Objectives: To estimate the minimum percent change in failed extubation to make a tool designed to reduce extubation failure (Extubation Advisor [EA]) economically viable.
Methods: We conducted an early return on investment (ROI) analysis using data from intubated intensive care unit (ICU) patients at a large Canadian tertiary care hospital. We obtained input parameters from the hospital database and published literature. We ran generalized linear models to estimate the attributable length of stay, total hospital cost, and time to subsequent extubation attempt following failure. We developed a Markov model to estimate the expected ROI and performed probabilistic sensitivity analyses to assess the robustness of findings. Costs were presented in 2020 Canadian dollars (C$).
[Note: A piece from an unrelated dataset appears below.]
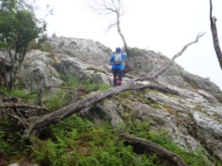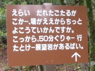 途中、展望岩があり登ってみましたが、「ガスでなーんもみえんバイ」。

Results: The model estimated a 1 percent reduction in failed extubation could save the hospital C$289 per intubated patient (95 percent CI: 197, 459). A large center seeing 2,500 intubated ICU patients per year could save C$723,124/year/percent reduction in failed extubation. At the current annual price of C$164,221, the EA tool must reduce extubation failure by at least 0.24 percent (95 percent CI: .14, .41) to make the tool cost-effective at our site.
Conclusions: Clinical decision-support tools like the EA may play an important role in reducing healthcare costs by reducing the rate of extubation failure, a costly event in the ICU.
Keywords: Airway extubation; Decision support techniques; Early economic modeling; Ventilator weaning.